**EXERCISE DESCRIPTION**:
Data follows below. Repeat exactly the lines between the line holding "Myanmar 1 Kyat" and the line holding "Dokument jest w", inclusive, and nothing more; drop pictures.

RECORDS Start Marker

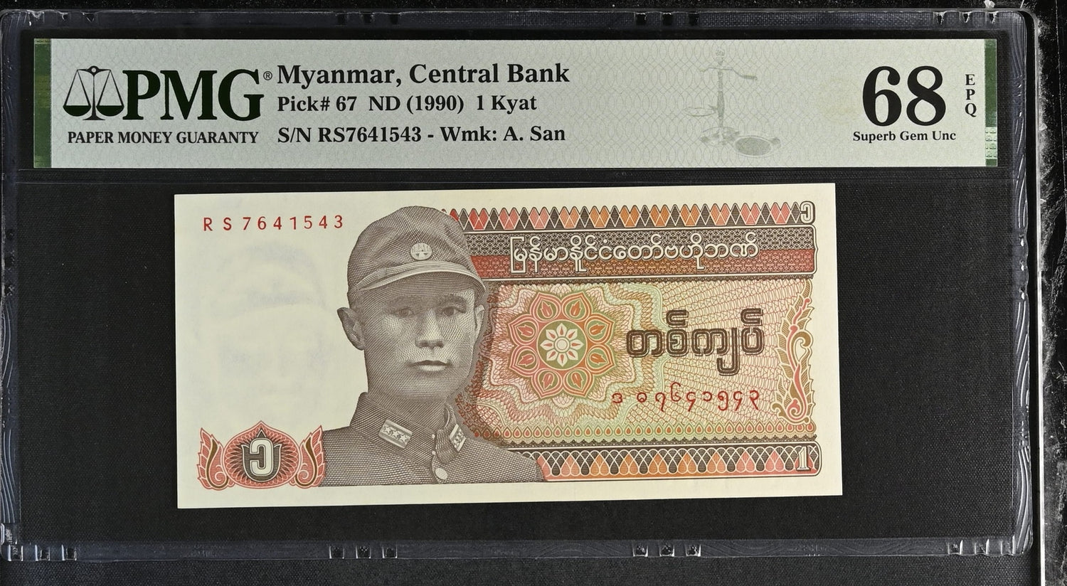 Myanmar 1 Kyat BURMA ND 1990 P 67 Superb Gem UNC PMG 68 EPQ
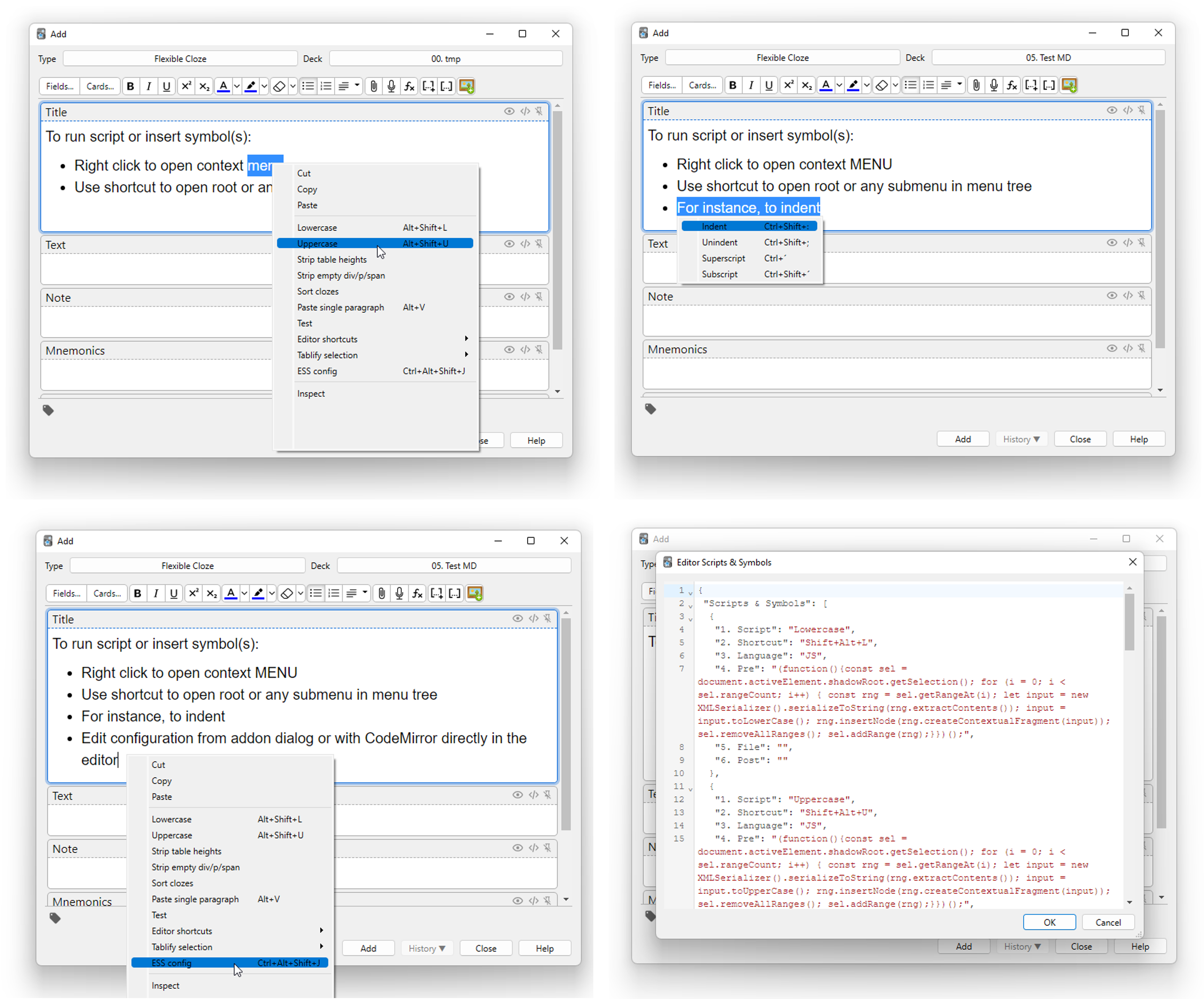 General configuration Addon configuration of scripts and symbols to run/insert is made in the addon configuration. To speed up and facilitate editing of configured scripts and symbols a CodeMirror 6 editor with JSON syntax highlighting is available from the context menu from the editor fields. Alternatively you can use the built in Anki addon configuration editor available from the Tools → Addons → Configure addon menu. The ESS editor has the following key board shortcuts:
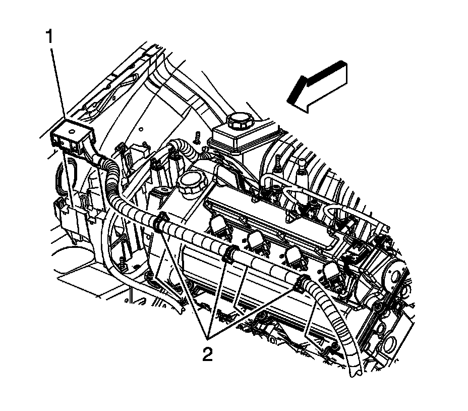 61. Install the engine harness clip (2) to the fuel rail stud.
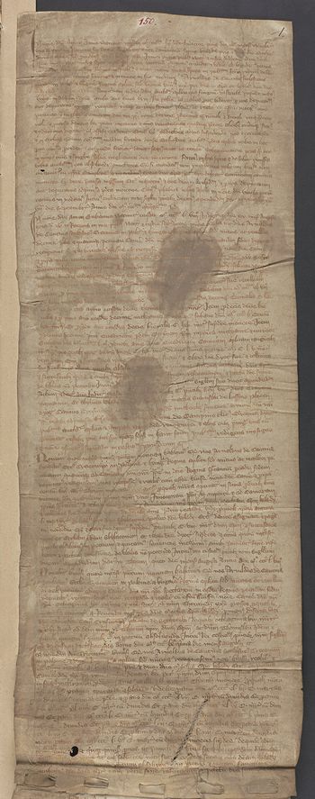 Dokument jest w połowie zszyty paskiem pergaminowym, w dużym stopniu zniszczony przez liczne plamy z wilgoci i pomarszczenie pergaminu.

RECORDS End Marker
RECORDS Start Marker

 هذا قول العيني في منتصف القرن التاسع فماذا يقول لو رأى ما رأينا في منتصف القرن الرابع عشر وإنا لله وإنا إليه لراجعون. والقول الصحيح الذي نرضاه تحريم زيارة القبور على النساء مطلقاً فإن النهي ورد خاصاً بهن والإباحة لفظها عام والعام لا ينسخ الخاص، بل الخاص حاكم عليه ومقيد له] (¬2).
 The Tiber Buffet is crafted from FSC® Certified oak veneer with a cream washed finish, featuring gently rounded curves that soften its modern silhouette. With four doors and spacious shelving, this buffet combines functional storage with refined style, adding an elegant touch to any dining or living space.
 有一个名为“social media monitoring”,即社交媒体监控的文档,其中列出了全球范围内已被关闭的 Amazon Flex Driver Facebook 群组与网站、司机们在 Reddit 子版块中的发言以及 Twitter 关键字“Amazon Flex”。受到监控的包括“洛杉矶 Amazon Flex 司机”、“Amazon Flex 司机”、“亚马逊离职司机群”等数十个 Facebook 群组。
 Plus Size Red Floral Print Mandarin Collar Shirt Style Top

RECORDS End Marker

**RESULT FOR THIS TASK**:
 Myanmar 1 Kyat BURMA ND 1990 P 67 Superb Gem UNC PMG 68 EPQ
 General configuration Addon configuration of scripts and symbols to run/insert is made in the addon configuration. To speed up and facilitate editing of configured scripts and symbols a CodeMirror 6 editor with JSON syntax highlighting is available from the context menu from the editor fields. Alternatively you can use the built in Anki addon configuration editor available from the Tools → Addons → Configure addon menu. The ESS editor has the following key board shortcuts:
 61. Install the engine harness clip (2) to the fuel rail stud.
 Dokument jest w połowie zszyty paskiem pergaminowym, w dużym stopniu zniszczony przez liczne plamy z wilgoci i pomarszczenie pergaminu.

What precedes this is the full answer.